▼▼▼

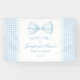 Cute classic preppy baby boy shower welcome sign banner featuring baby blue bow tie surrounded by gingham pattern.
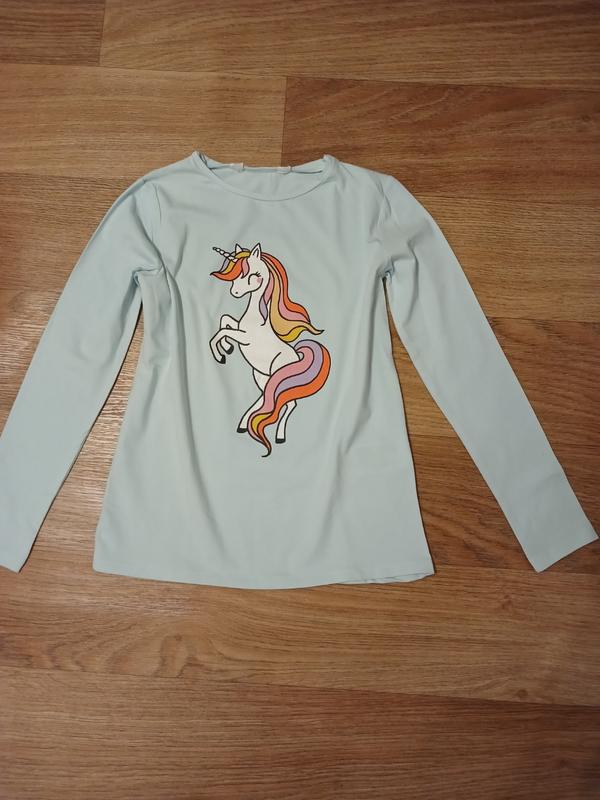 Якісний бавовняний регланчик на дівчинку з улюбленим принтом. Колір блакитний. Розмір 134 см. Стан ідеальний, переросли. Заміри дам, пишіть.
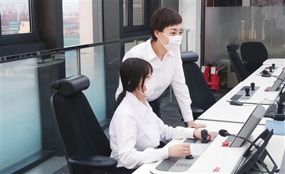 在天津港集裝箱碼頭遠程操控中心,軌道橋女司機丁亞楠(后)正指導(dǎo)同事遠程操控。(天津港集團供圖)
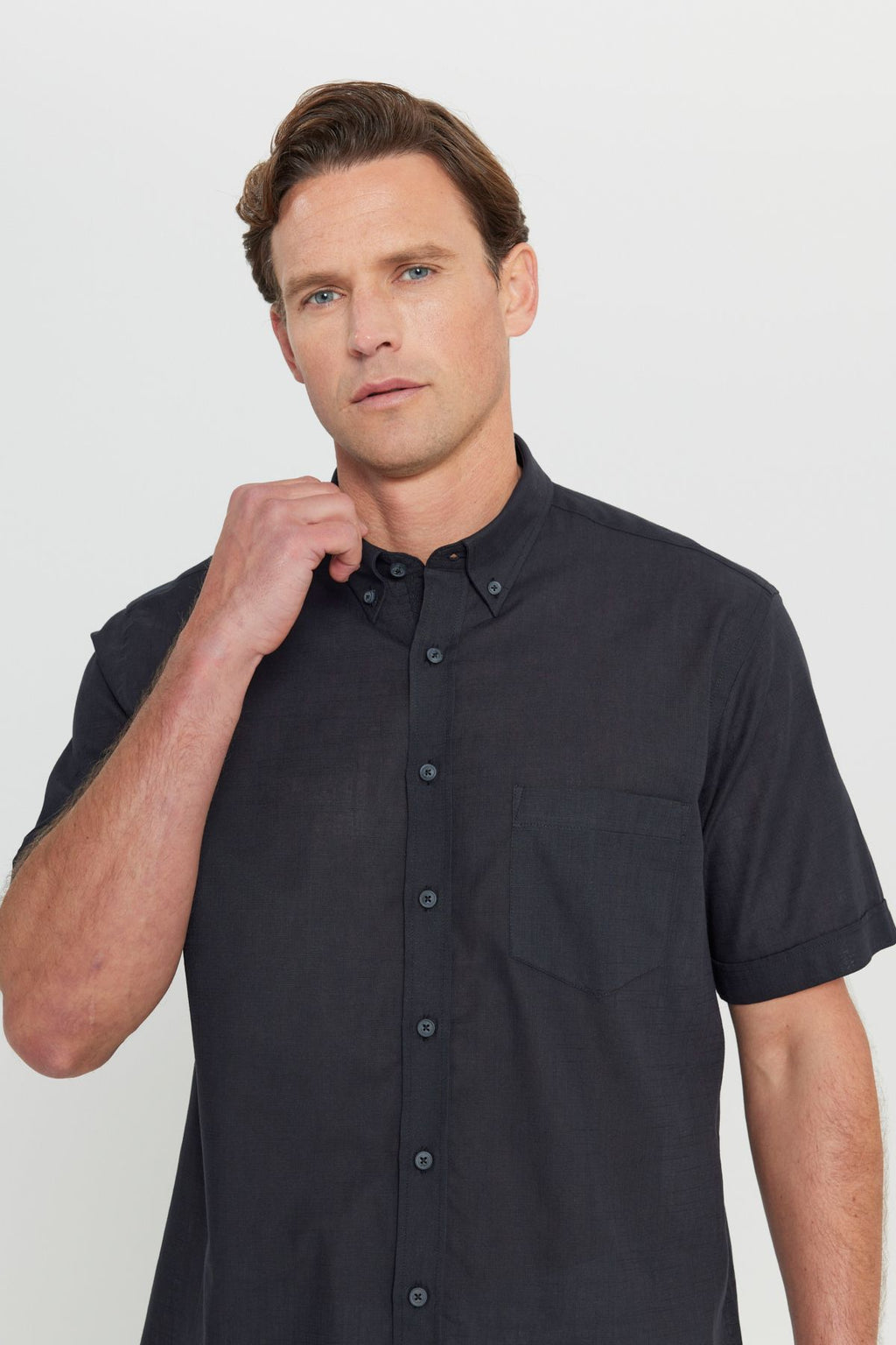 Men's Black Comfort Fit Casual Cutting Buttoned Neck Linen Look 100 %Cotton Short Sleeve Shirt

▲▲▲

GOAL OF THE EXERCISE → Look above for the line containing "在天津港集裝箱碼頭遠程操控中"; output that line and all lines after it through the last one exactly, without the pictures.

EXERCISE SOLUTION →
 在天津港集裝箱碼頭遠程操控中心,軌道橋女司機丁亞楠(后)正指導(dǎo)同事遠程操控。(天津港集團供圖)
 Men's Black Comfort Fit Casual Cutting Buttoned Neck Linen Look 100 %Cotton Short Sleeve Shirt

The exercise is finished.